Exercise data START
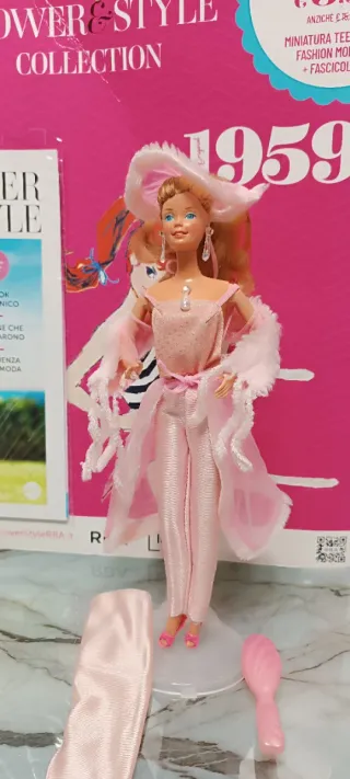 Barbie con un abito iconico ispirato al glamour di ieri e di oggi. Un pezzo da collezione per rivivere la magia di Barbie. - Abito rosa - Dettagli in pizzo. - Capelli biondi Lunghi reinpiantati in qualche punto per renderli più folti
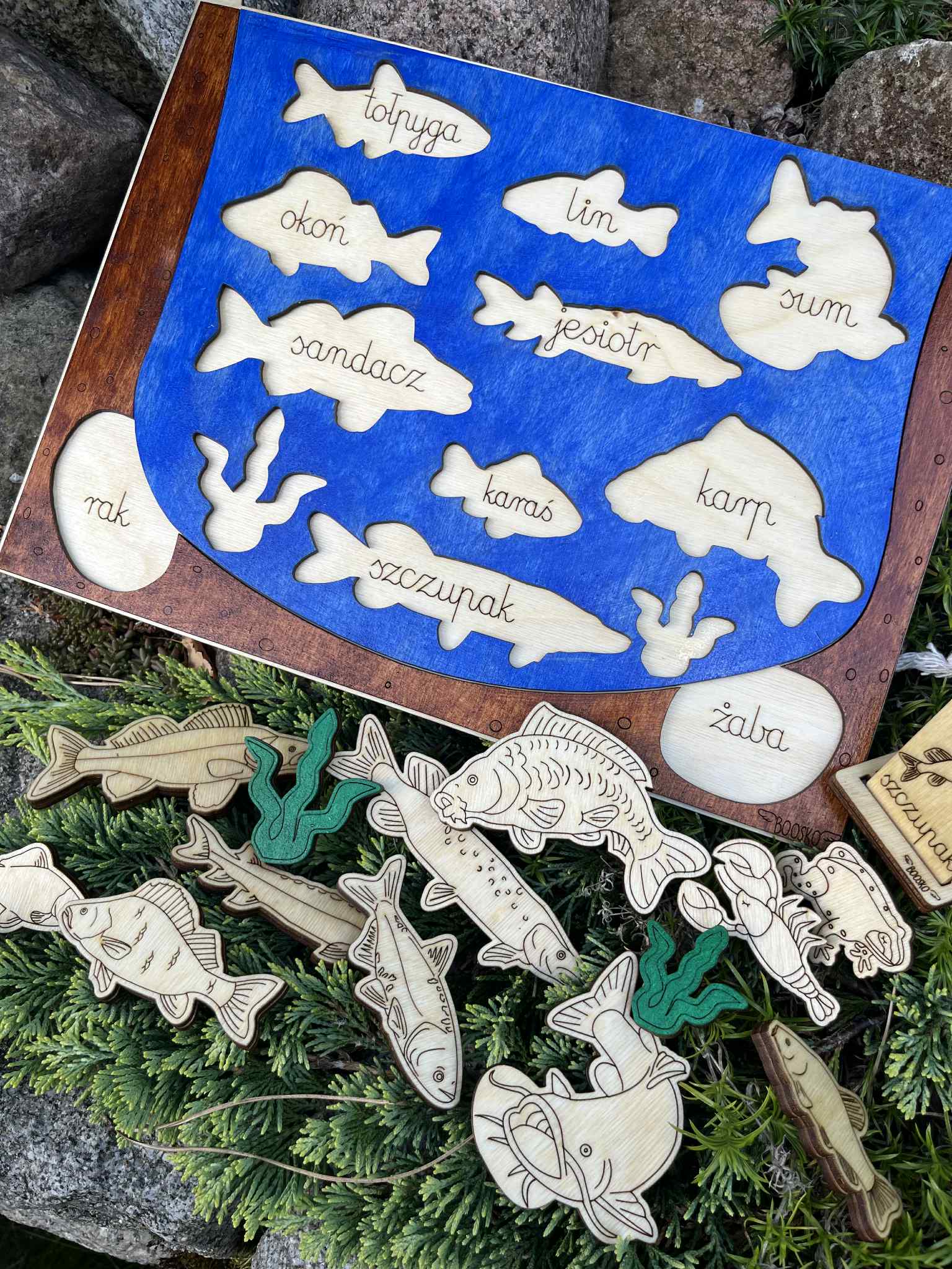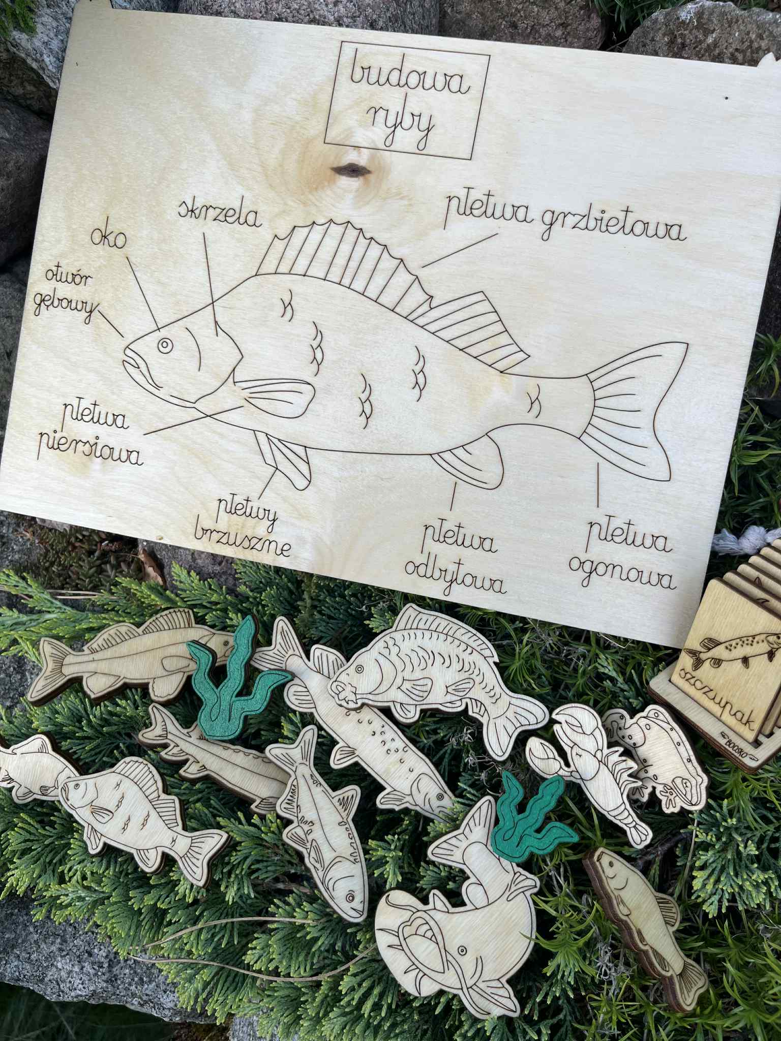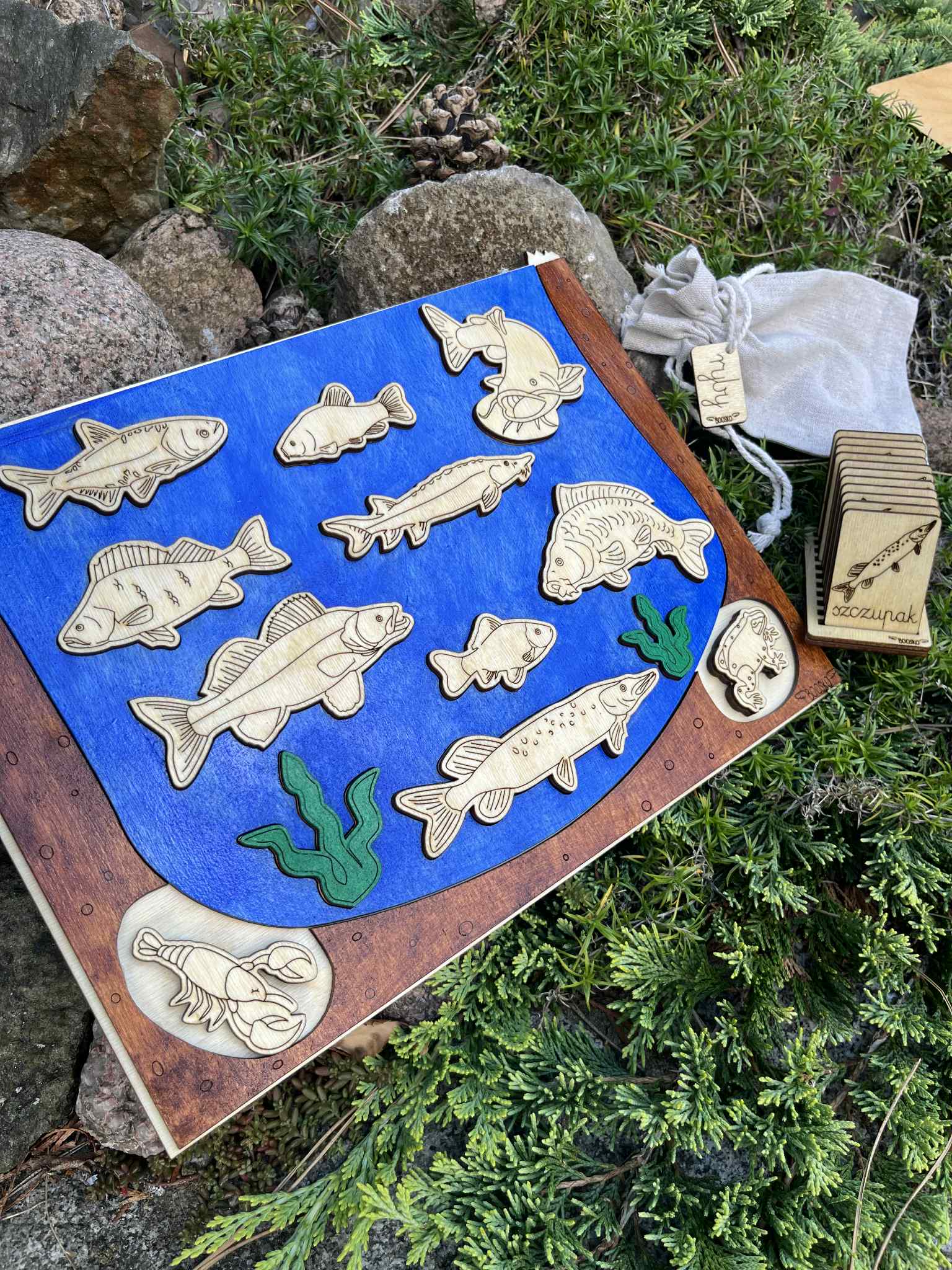 • Drewnianą układankę z wyjmowanymi rybami – każda ryba idealnie pasuje do swojego miejsca. Pod rybą znajduje się jej nazwa. Na odwrocie układanki znajduje się ilustracja budowy ryby, która pomoże poznać jej anatomię.
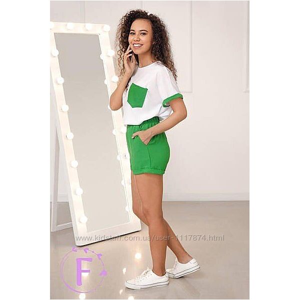 Подробное описание: Розпродаж 42-48р Літній костюм із шортами, софт, креп жатка, Florence
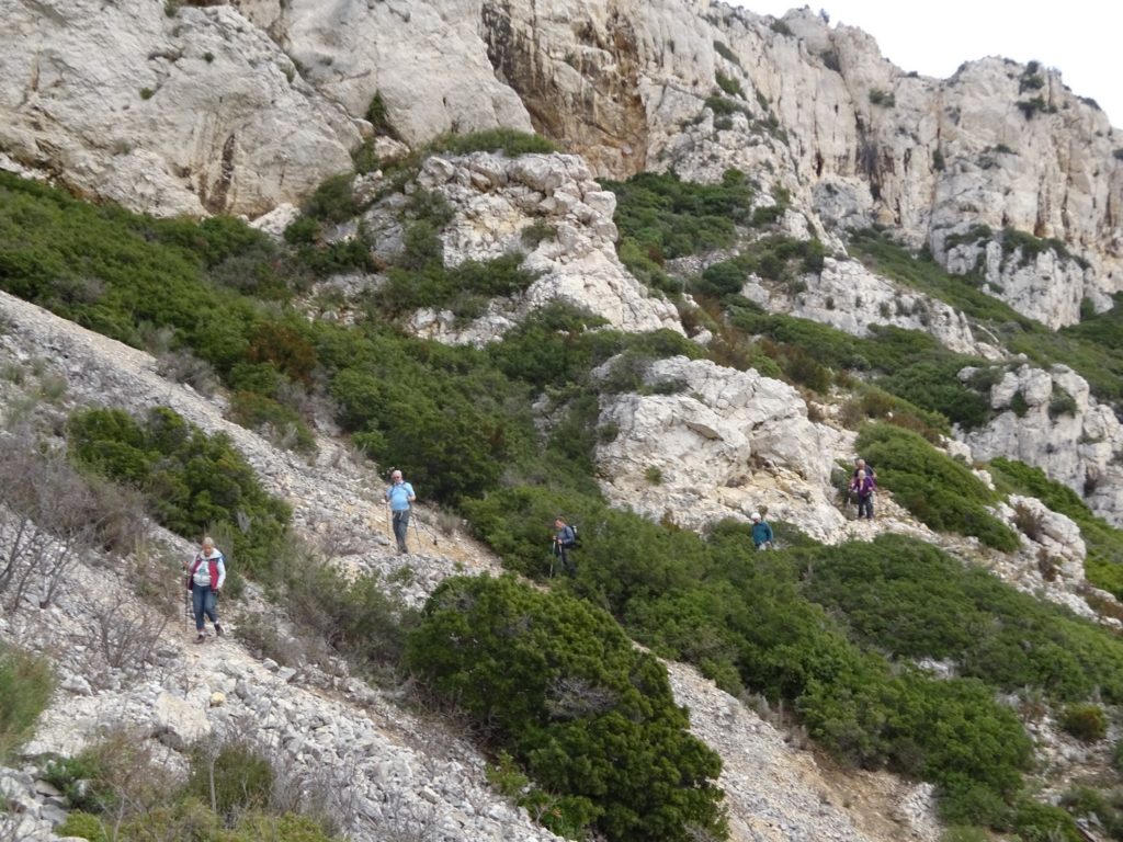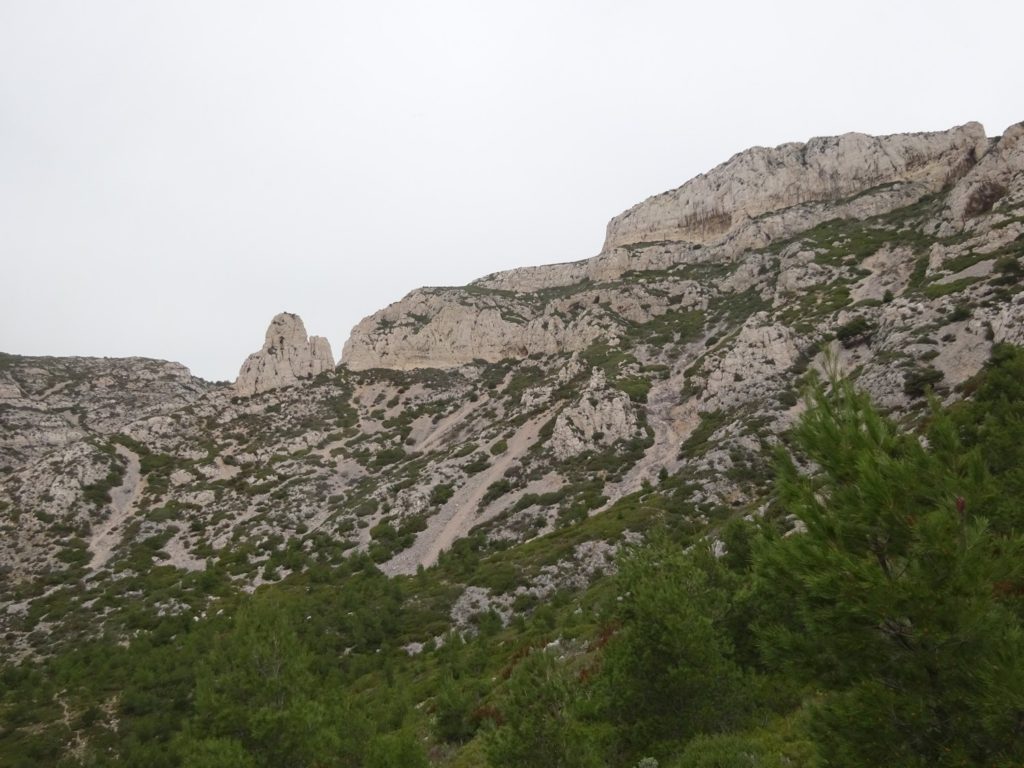Vue sur le BAOU ROND et l’aiguille de SORMIOU où nous passerons au retour cet après midi.
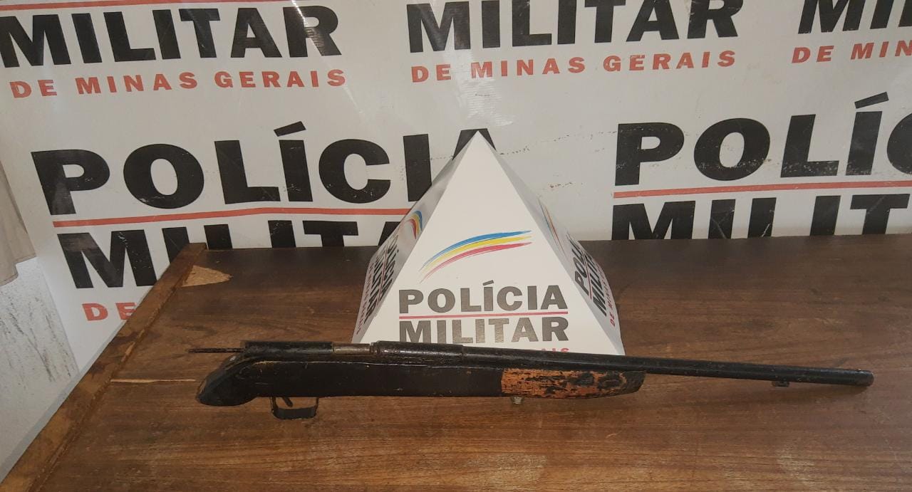 Ainda no sábado (11), por volta das 09 horas, a PM compareceu ao residencial Hilda Borges de Andrade, onde uma mulher de 21 anos relatou que sofria agressões constantes do companheiro e que decidiu acionar a polícia por causa de uma espingarda que ele possuía, entregando a arma aos militares. O cidadão fugiu do local antes da chegada da viatura.
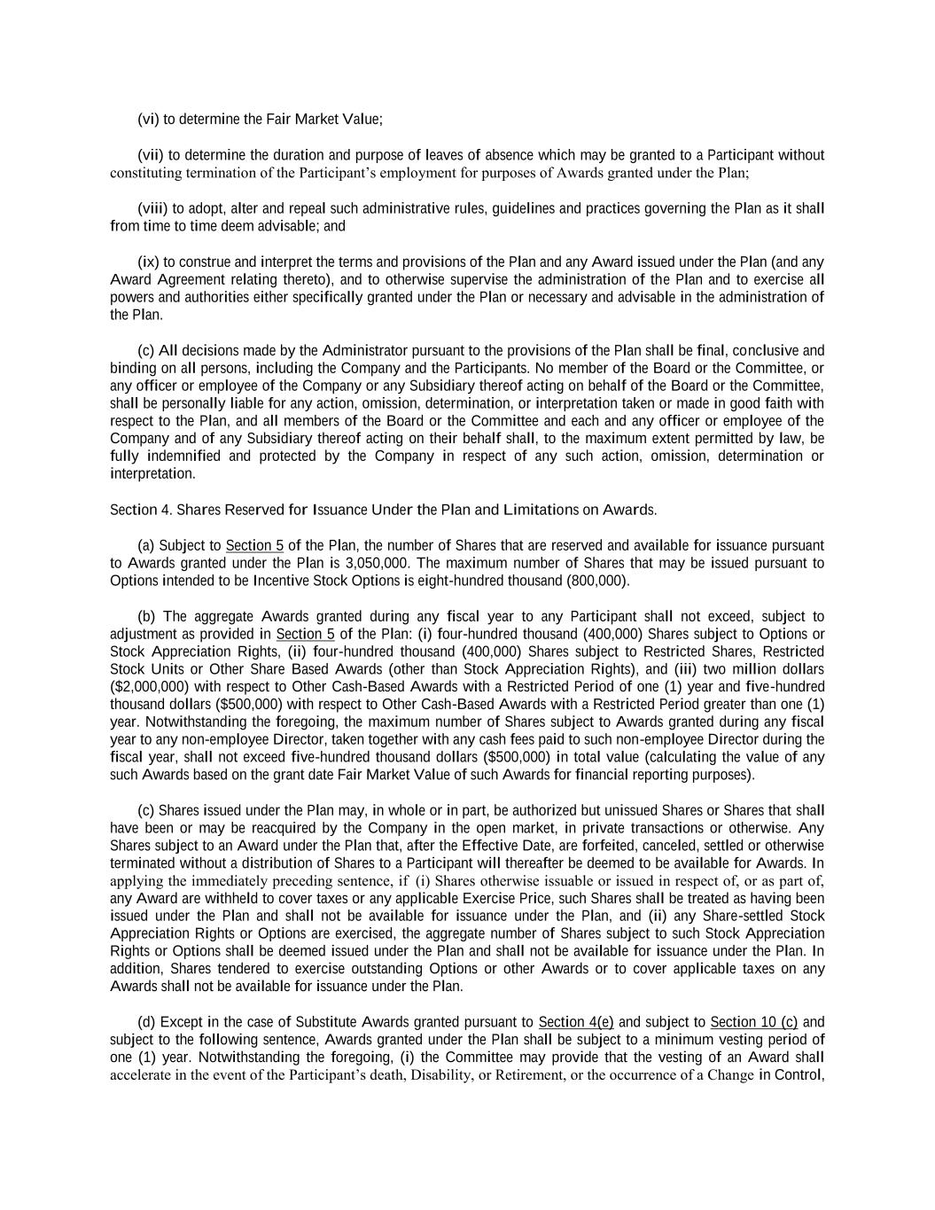 (vi) to determine the Fair Market Value; (vii) to determine the duration and purpose of leaves of absence which may be granted to a Participant without constituting termination of the Participant’s employment for purposes of Awards granted under the Plan; (viii) to adopt, alter and repeal such administrative rules, guidelines and practices governing the Plan as it shall from time to time deem advisable; and (ix) to construe and interpret the terms and provisions of the Plan and any Award issued under the Plan (and any Award Agreement relating thereto), and to otherwise supervise the administration of the Plan and to exercise all powers and authorities either specifically granted under the Plan or necessary and advisable in the administration of the Plan. (c) All decisions made by the Administrator pursuant to the provisions of the Plan shall be final, conclusive and binding on all persons, including the Company and the Participants. No member of the Board or the Committee, or any officer or employee of the Company or any Subsidiary thereof acting on behalf of the Board or the Committee, shall be personally liable for any action, omission, determination, or interpretation taken or made in good faith with respect to the Plan, and all members of the Board or the Committee and each and any officer or employee of the Company and of any Subsidiary thereof acting on their behalf shall, to the maximum extent permitted by law, be fully indemnified and protected by the Company in respect of any such action, omission, determination or interpretation. Section 4. Shares Reserved for Issuance Under the Plan and Limitations on Awards. (a) Subject to Section 5 of the Plan, the number of Shares that are reserved and available for issuance pursuant to Awards granted under the Plan is 3,050,000. The maximum number of Shares that may be issued pursuant to Options intended to be Incentive Stock Options is eight-hundred thousand (800,000). (b) The aggregate Awards granted during any fiscal year to any Participant shall not exceed, subject to adjustment as provided in Section 5 of the Plan: (i) four-hundred thousand (400,000) Shares subject to Options or Stock Appreciation Rights, (ii) four-hundred thousand (400,000) Shares subject to Restricted Shares, Restricted Stock Units or Other Share Based Awards (other than Stock Appreciation Rights), and (iii) two million dollars ($2,000,000) with respect to Other Cash-Based Awards with a Restricted Period of one (1) year and five-hundred thousand dollars ($500,000) with respect to Other Cash-Based Awards with a Restricted Period greater than one (1) year. Notwithstanding the foregoing, the maximum number of Shares subject to Awards granted during any fiscal year to any non-employee Director, taken together with any cash fees paid to such non-employee Director during the fiscal year, shall not exceed five-hundred thousand dollars ($500,000) in total value (calculating the value of any such Awards based on the grant date Fair Market Value of such Awards for financial reporting purposes). (c) Shares issued under the Plan may, in whole or in part, be authorized but unissued Shares or Shares that shall have been or may be reacquired by the Company in the open market, in private transactions or otherwise. Any Shares subject to an Award under the Plan that, after the Effective Date, are forfeited, canceled, settled or otherwise terminated without a distribution of Shares to a Participant will thereafter be deemed to be available for Awards. In applying the immediately preceding sentence, if (i) Shares otherwise issuable or issued in respect of, or as part of, any Award are withheld to cover taxes or any applicable Exercise Price, such Shares shall be treated as having been issued under the Plan and shall not be available for issuance under the Plan, and (ii) any Share-settled Stock Appreciation Rights or Options are exercised, the aggregate number of Shares subject to such Stock Appreciation Rights or Options shall be deemed issued under the Plan and shall not be available for issuance under the Plan. In addition, Shares tendered to exercise outstanding Options or other Awards or to cover applicable taxes on any Awards shall not be available for issuance under the Plan. (d) Except in the case of Substitute Awards granted pursuant to Section 4(e) and subject to Section 10 (c) and subject to the following sentence, Awards granted under the Plan shall be subject to a minimum vesting period of one (1) year. Notwithstanding the foregoing, (i) the Committee may provide that the vesting of an Award shall accelerate in the event of the Participant’s death, Disability, or Retirement, or the occurrence of a Change in Control,
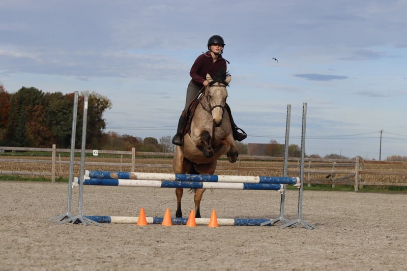Bo is a 5-year-old chestnut Connemara mare standing at 1.53 meters. She has an attractive appearance, a gentle temperament, and a curious nature. Currently, she jumps a cross-country course of 70 cm and clearly shows potential for higher levels of competition.
Exercise data END
What needs to be done: Leave the pictures out, and restate exactly the lines from the start of the records through the one that contains "Ainda no sábado".

Task output:
 Barbie con un abito iconico ispirato al glamour di ieri e di oggi. Un pezzo da collezione per rivivere la magia di Barbie. - Abito rosa - Dettagli in pizzo. - Capelli biondi Lunghi reinpiantati in qualche punto per renderli più folti
 • Drewnianą układankę z wyjmowanymi rybami – każda ryba idealnie pasuje do swojego miejsca. Pod rybą znajduje się jej nazwa. Na odwrocie układanki znajduje się ilustracja budowy ryby, która pomoże poznać jej anatomię.
 Подробное описание: Розпродаж 42-48р Літній костюм із шортами, софт, креп жатка, Florence
Vue sur le BAOU ROND et l’aiguille de SORMIOU où nous passerons au retour cet après midi.
 Ainda no sábado (11), por volta das 09 horas, a PM compareceu ao residencial Hilda Borges de Andrade, onde uma mulher de 21 anos relatou que sofria agressões constantes do companheiro e que decidiu acionar a polícia por causa de uma espingarda que ele possuía, entregando a arma aos militares. O cidadão fugiu do local antes da chegada da viatura.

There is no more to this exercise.